Digit recognition on CNN

Question

Digit recognition on CNN

I am testing printed numbers (0-9) in a convolutional neural network. This gives 99% accuracy in the MNIST dataset, but when I tried it using fonts installed on the computer (Ariel, Calibri, Cambria, Cambria math, Times New Roman) and trained images created in fonts (104 images per font ( Total 25 fonts - 4 images per font (slight difference)), the learning error rate does not fall below 80%, i.e. 20% accuracy. Why?

Here is the number "2" Sample Image -

I resized each image to 28 x 28.

Details: -

Workout data size = 28 x 28 images. Network Settings - Like LeNet5 Network Architecture -

Input Layer -28x28 | Convolutional Layer - (Relu Activation); | Pooling Layer - (Tanh Activation) | Convolutional Layer - (Relu Activation) | Local Layer(120 neurons) - (Relu) | Fully Connected (Softmax Activation, 10 outputs)

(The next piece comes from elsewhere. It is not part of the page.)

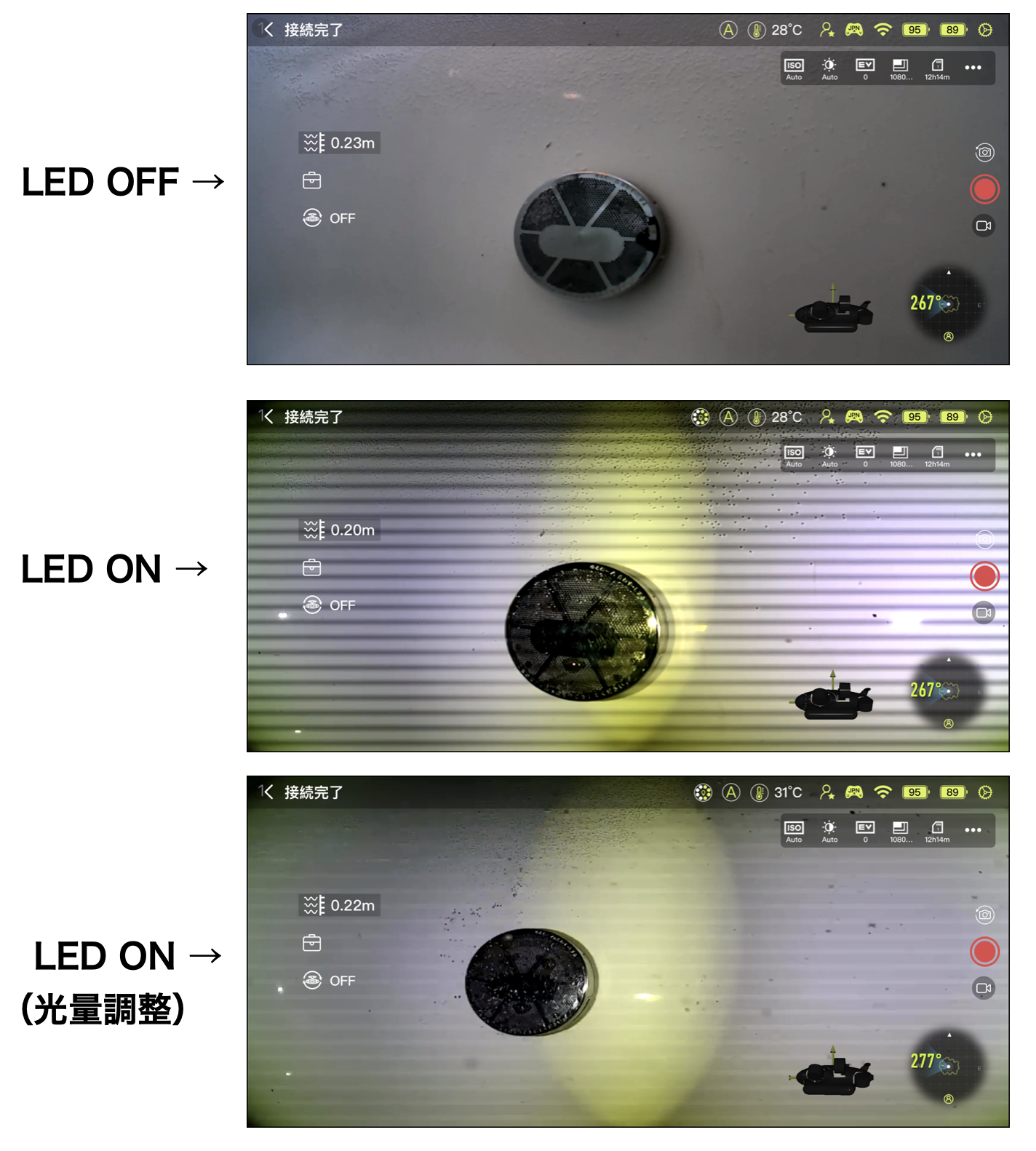 なお、上記の通り、環境によりLEDライトの光量調整をすることで、フリッカー現象が軽減できる場合もあります。

This works by giving 99 +% accuracy to MNIST. Why is it so bad with computer fonts? CNN can handle many variations in data.

+6

deep-learning machine-learning ocr image-recognition handwriting-recognition

kumar030 Jul 15 '16 at 7:01

source share

3 answers

Martin thoma · Answer 1 · 2016-07-17T11:24:35+0000

I see two possible problems:

Preprocessing: MNIST is not only 28px x 28px, but also:

The original black and white (two-level) images from NIST were normalized in size to fit the size of 20x20 pixels, while maintaining their aspect ratio. The resulting images contain gray levels as a result of the smoothing method used by the normalization algorithm. the images were centered in the 28x28 image by calculating the center of mass of the pixels and translating the image to position this point in the center of the 28x28 field.

Source: MNIST Website

retraining

MNIST has 60,000 case studies and 10,000 test cases. How much do you have?
Have you tried dropouts (see document )?
Have you tried using methods to increase the data set? (for example, by slightly changing the image, perhaps by slightly changing the aspect ratio, you can also add noise - however, I do not think this will help)
Have you tried smaller networks? (And how big are your filters / how many filters do you have?)

Notes

Interesting idea! Have you tried simply applying the prepared MNIST network to your data? What are the results?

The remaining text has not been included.